How do I take a heap snapshot in production without a debugger? +
Two options: (1) `require('v8').writeHeapSnapshot('/tmp/heap.heapsnapshot')` from inside your code (e.g., on a SIGUSR2 handler), then load in Chrome DevTools → Memory. (2) Run with `--heapsnapshot-near-heap-limit=3` so Node auto-dumps three snapshots as it approaches the limit. Snapshots are big (often hundreds of MB) — save to a volume with space.
Why does my service leak when running locally is fine? +
Two common reasons: (1) traffic patterns — production sees thousands of unique users; dev sees one. A cache keyed by user ID grows in production but never in dev. (2) long uptime — leaks accumulate over hours, and you restart your local server every few minutes. Run a soak test (sustained traffic for 30+ minutes) locally to reproduce.
Does using TypeScript or async/await cause heap issues? +
No. The compiled output runs on the same V8 — TypeScript is just types. Async/await uses Promises, and unresolved Promises (held by closures, stored in arrays) are the actual leak source, not async itself. If you await everything correctly, async/await has no memory penalty.
Are WeakMaps a fix for unbounded caches? +
Sometimes. WeakMaps don't prevent garbage collection of their keys, so if your key (object) becomes unreachable, the WeakMap entry goes away. They're great for metadata-keyed-by-object patterns. They are NOT a fix for caches keyed by string IDs — those need explicit eviction (lru-cache).

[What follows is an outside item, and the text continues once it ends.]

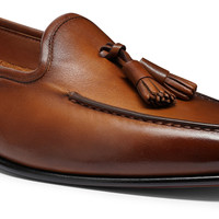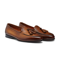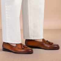 A refined style dedicated to those seeking lightweight elegance without compromising on luxurious materials and workmanship. Reinterpreting an archival classic, the Andrea loafer flaunts a sleek design with a low-cut silhouette that reveals the ankle, supported with a bevelled heel. Its soft nappa leather construction is enriched with our signature “velatura” colour-grading technique and embellished with delicate tassels to add movement to your stride. Designed with a special Goodyear welt construction for an ultra-soft, flexible feel. Product details Product ID: MCAN18515PA1SGFRM40 - Men's loafer - Crafted from nappa leather - Treated with Santoni’s “velatura” colour-grading technique - Colour: brown - Tassels - Raised apron stitching - Classic silhouette with tapered toe - Flexible Goodyear welt construction - Leather sole with half rubber heel - Printed Santoni logo on the insole - Made in Italy

My Lambda / Vercel function gets out-of-memory. Same fix? +
Same diagnosis (find the retainer), different mitigation. Serverless platforms have hard memory limits — you can't `--max-old-space-size` past the function's allocated memory. Trim large allocations, avoid loading datasets into memory, and use streaming responses. On Lambda, allocate more memory (which also gives you proportionally more CPU).

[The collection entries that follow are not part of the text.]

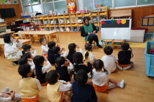 今日は、年少児れんげ組がシェラリン先生の英語あそび、年中児は体育あそび、年長児はロス先生との英語あそびなどを楽しみました。シェラリン先生との英語あそびでは、形を手で表現しながら英語で答えたり、体育あそびではマットの傾斜を使って後転に挑戦したりしました。また、ロス先生との英語あそびでは、「できる」「できない」を “Yes, I can.” “No, I can’t.” と英語で答え、楽しみながら学ぶ姿が見られました。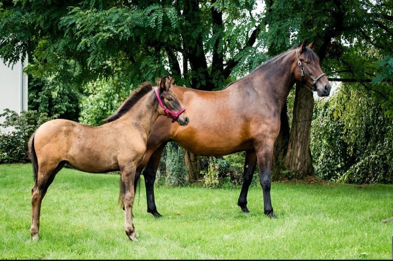 For sale is our seven-year-old mare Naranja (height: 16.1 hh), bred and lovingly raised on our own farm. She impresses not only with her excellent pedigree but also with her calm, human-oriented nature. Naranja has already been gently backed over the winter and proved to be eager to learn, clear-minded, and very cooperative throughout. She is already confidently ridden in the open, showing attentiveness and composure, and handles new impressions with ease. She also works motivatedly in ground work, consistently demonstrating reliability and sensitivity to aids. She is now seeking an experienced partner who can further develop her potential and help shape her future as a riding horse. In terms of bloodlines, Naranja comes from an excellent Escalera lineage. She has also proven herself in breeding: she produced a healthy, typy foal and has shown herself to be an instinctively confident, caring, and calm broodmare. In daily handling, she is straightforward, friendly, and very people-oriented. Her balanced temperament makes her particularly suitable for further training as well as for breeding. Of course, Naranja is regularly dewormed and vaccinated, and she is regularly seen by the farrier and dentist. A species-appropriate management and the health of our horses are our top priorities. Due to a simple reduction of our herd, we are offering her into responsible and nurturing hands. If you are genuinely interested, we look forward to hearing from you and arranging a personal meeting.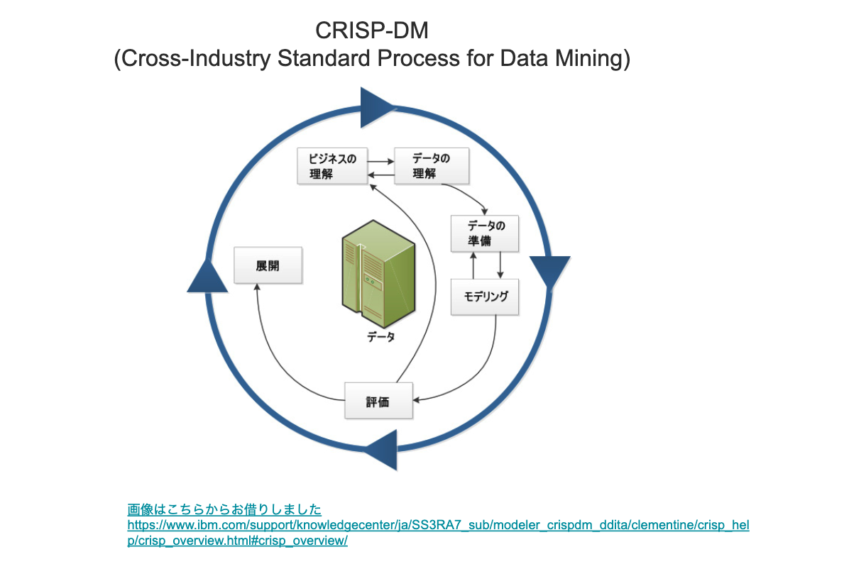 転職した当初は、「データ分析や機械学習が使える生産技術者」を目指していました。しかし、今は「製造業においてデータ分析や機械学習活用を指南できる人間」を目指しています。このように考えが変わった理由をCRISP-DMを例に説明したいと思います。CRISP-DMはデータ分析の業界横断型の標準プロセスで、下記の図のように「ビジネスの理解→データの理解→データの準備→モデル構築→評価→展開」のフローからなります。

How is heap out-of-memory different from container OOMKilled? +
Heap out-of-memory is V8 hitting its own configured ceiling — Node prints a JS stack and exits cleanly(ish). OOMKilled is the OS/container runtime killing the process because total RSS exceeded the cgroup limit. OOMKilled gives you no JS stack, just a SIGKILL. If `--max-old-space-size` is higher than your container's memory limit, you'll OOMKilled before V8 OOMs — set the JS heap to ~80% of the container memory.

When to escalate to Node.js support

Heap out-of-memory is virtually always an application bug or config mismatch, not a V8 bug. Before filing upstream: confirm with a heap snapshot that the retainers are your code (or a library's code), not internal V8 structures. If a heap snapshot shows runaway growth in V8 internals (HeapSnapshot, native handles) with no userland references, that's an upstream issue worth filing with the package maintainer or the Node project.